Applies Gaussian blur to an image using a type specific procedural interface.

public static <T extends ImageSingleBand, D extends ImageSingleBand>
void generalized( T input )
{
	Class<T> inputType = (Class<T>)input.getClass();

	T blurred = GeneralizedImageOps.createImage(inputType,input.width, input.height);
	GBlurImageOps.gaussian(input, blurred, -1, blurRadius, null);

Applies Gaussian blur to an image using an abstracted procedural interface. Note the G in front of BlurImageOps that indicates it contains generic functions.

public static <T extends ImageSingleBand, D extends ImageSingleBand>
void filter( T input )
{
	Class<T> inputType = (Class<T>)input.getClass();
	T blurred = GeneralizedImageOps.createImage(inputType, input.width, input.height);
	BlurFilter<T> filterBlur = FactoryBlurFilter.gaussian(inputType, -1, blurRadius);
	filterBlur.process(input,blurred);

Creates an image filter class for computing the Gaussian blur. Provides greater abstraction.

// type specific sobel
GradientSobel.process(blurred, derivX, derivY, FactoryImageBorder.extend(input));
// generic
GImageDerivativeOps.sobel(blurred, derivX, derivY, BorderType.EXTENDED);
// filter
ImageGradient<T,D> gradient = FactoryDerivative.sobel(inputType, derivType);
gradient.process(blurred,derivX,derivY);

Three ways to compute the image gradient using a Sobel kernel.

public static <T extends ImageSingleBand, D extends ImageSingleBand>
void example( T input , Class<D> derivType ) {
	AnyImageDerivative<T,D> deriv = GImageDerivativeOps.createDerivatives((Class<T>)input.getClass(),derivType);

	deriv.setInput(input);
	D derivX = deriv.getDerivative(true);
	D derivXXY = deriv.getDerivative(true,true,false);

Useful class for computing arbitrary image derivatives. Computes 1st order x-derive and then 3rd order xxy derivative.

Binary Images

ThresholdImageOps.threshold(image, binary, 23, true);

Creates a binary image by thresholding the input image.
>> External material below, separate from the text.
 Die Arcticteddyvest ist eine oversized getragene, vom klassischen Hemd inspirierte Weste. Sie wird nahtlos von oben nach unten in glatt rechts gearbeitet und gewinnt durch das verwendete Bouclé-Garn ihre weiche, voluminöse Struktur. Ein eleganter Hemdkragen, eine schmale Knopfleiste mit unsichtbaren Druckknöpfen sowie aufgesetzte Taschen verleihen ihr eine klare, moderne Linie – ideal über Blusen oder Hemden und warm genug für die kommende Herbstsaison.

Binary must be of type ImageUInt8.

binary = BinaryImageOps.erode8(binary,null);

Apply an erode operation on the binary image, writing over the original image reference.
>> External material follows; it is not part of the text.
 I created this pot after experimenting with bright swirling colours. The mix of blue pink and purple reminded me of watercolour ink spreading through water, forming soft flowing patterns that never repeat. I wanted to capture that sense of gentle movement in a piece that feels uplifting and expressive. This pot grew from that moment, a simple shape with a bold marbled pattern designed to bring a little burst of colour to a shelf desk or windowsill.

BinaryImageOps.erode8(binary,output);

Apply an erode operation on the binary image, saving results to the output binary image.

BinaryImageOps.erode4(binary,output);

Apply an erode operation with a 4-connect rule.

int numBlobs = BinaryImageOps.labelBlobs4(binary,blobs);

Detect and label blobs in the binary image using a 4-connect rule. blobs is an image of type ImageSInt32.

BufferedImage visualized = VisualizeBinaryData.renderLabeled(blobs, numBlobs, null);

Renders the detected blobs in a colored image.

BufferedImage visualized = VisualizeBinaryData.renderBinary(binary,null);

Renders the binary image as a black white image.